§ Input data:
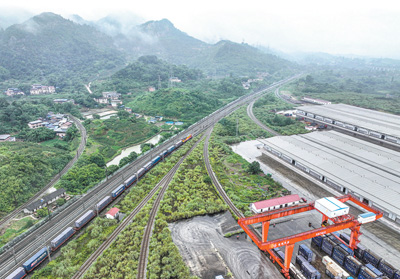 6月27日,西部陆海新通道中老泰马跨境铁路班列在重庆江津小南垭站发车(无人机照片)。该班列的开行将促进通道沿线地区与东盟国家的经贸合作和产业联动。 |
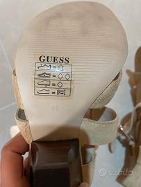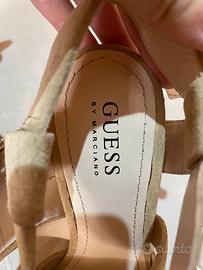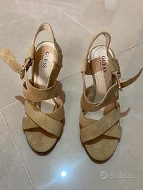 Sandali Guess beige in camoscio, hardware oro, tacco doppio, numero 38, mai utilizzati. Ottime condizioni.
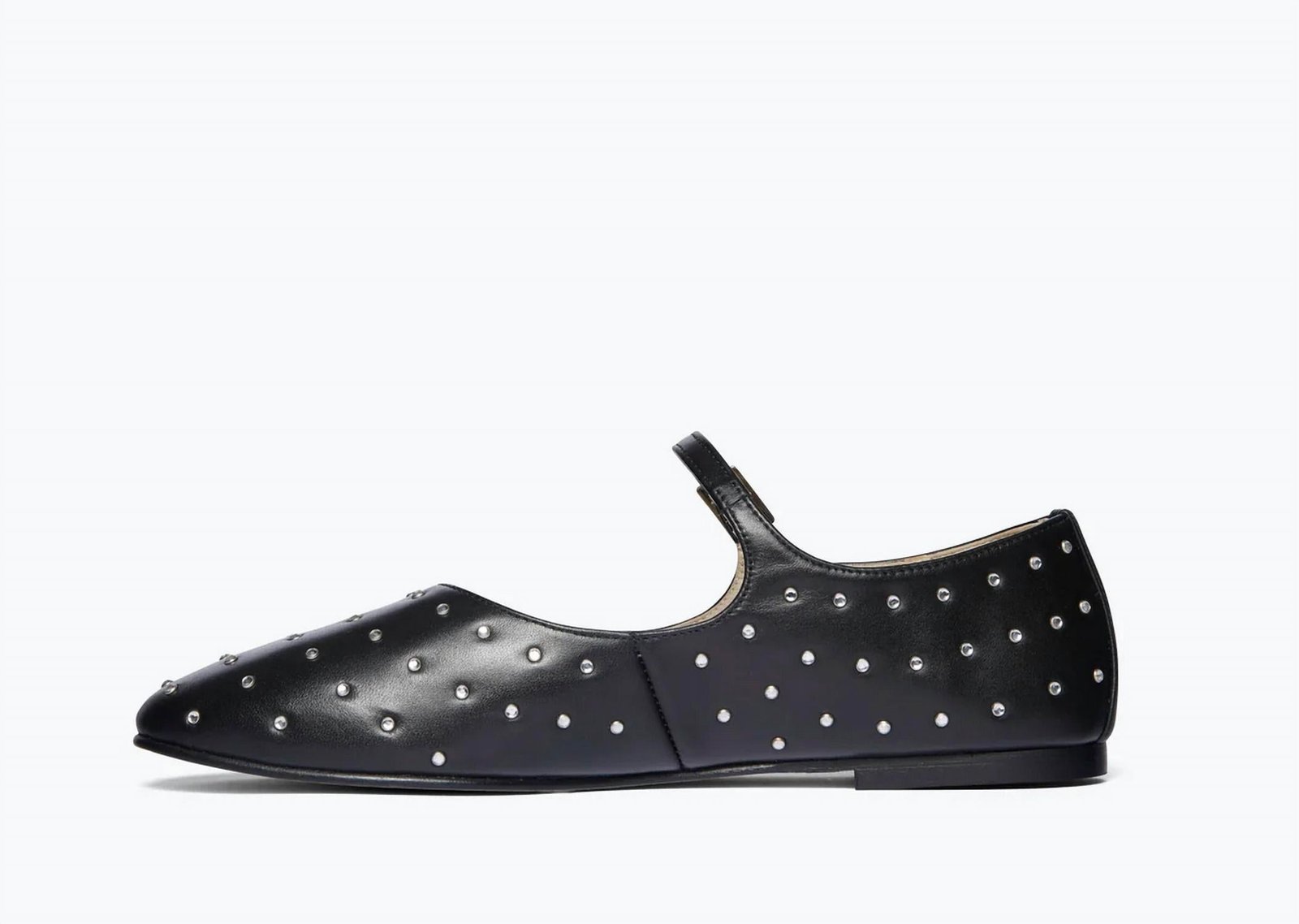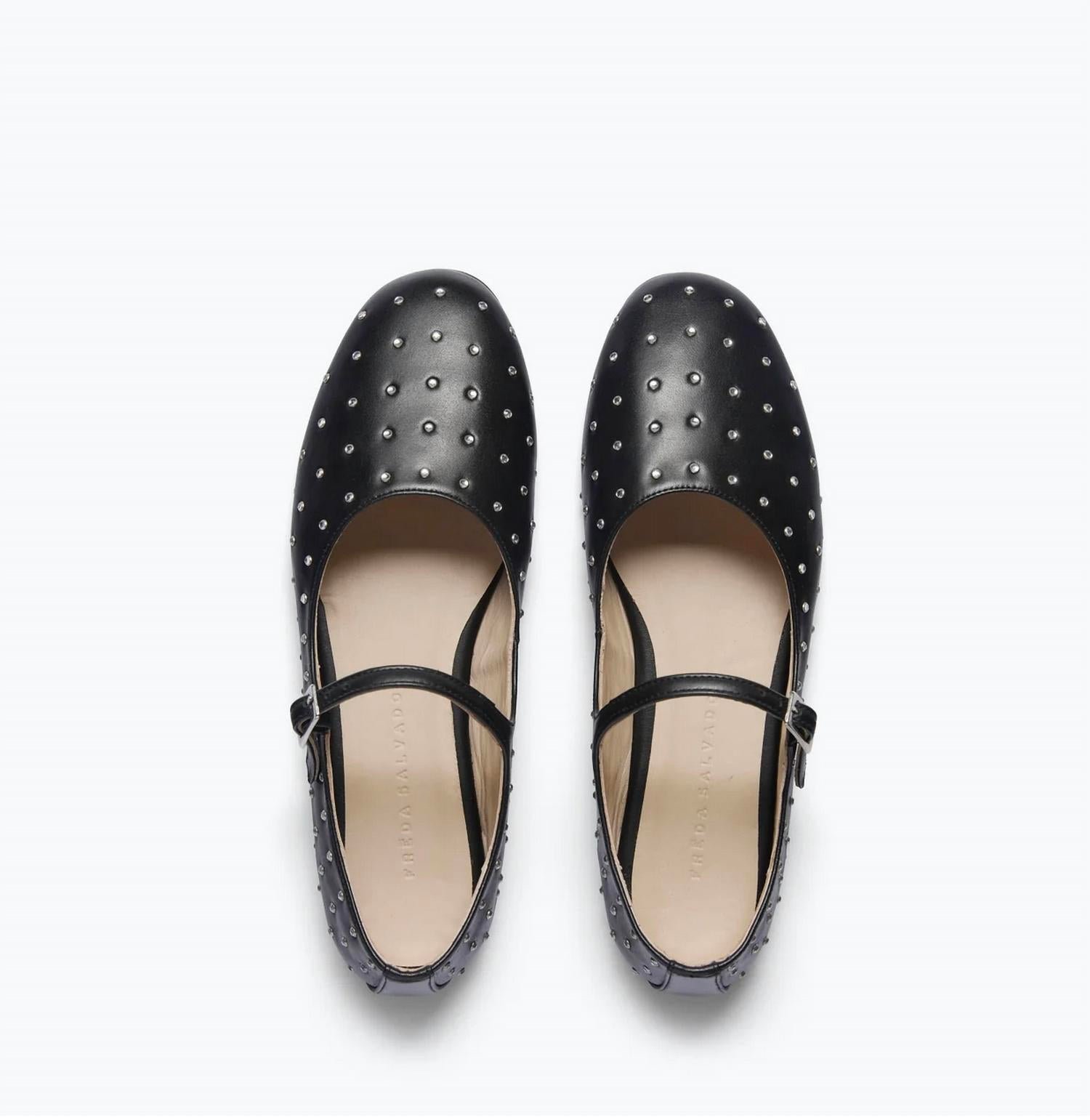 Loafers so versatile you can wear them with just about anything.Step into elegance with the Women's Aubrey Mary Jane Flat Shoes by FREDA SALVADOR, meticulously handcrafted in Spain. These flats boast a 100% Italian Leather composition featuring a padded leather footbed and a beveled leather sole, complemented by a 0.25′ rubber heel for all-day comfort. Perfect for holiday parties, the round toe design exudes quiet luxury and sophistication. Adorned with black calf leather and crystals, these timeless flats are an essential for seamless day-to-night wear.

§ What the task requires: Stop at the line containing "Sandali Guess beige" and include it. Everything from the first line of the material up to there is to be repeated exactly, leaving out pictures.

§ Solution to the exercise:
 6月27日,西部陆海新通道中老泰马跨境铁路班列在重庆江津小南垭站发车(无人机照片)。该班列的开行将促进通道沿线地区与东盟国家的经贸合作和产业联动。 |
 Sandali Guess beige in camoscio, hardware oro, tacco doppio, numero 38, mai utilizzati. Ottime condizioni.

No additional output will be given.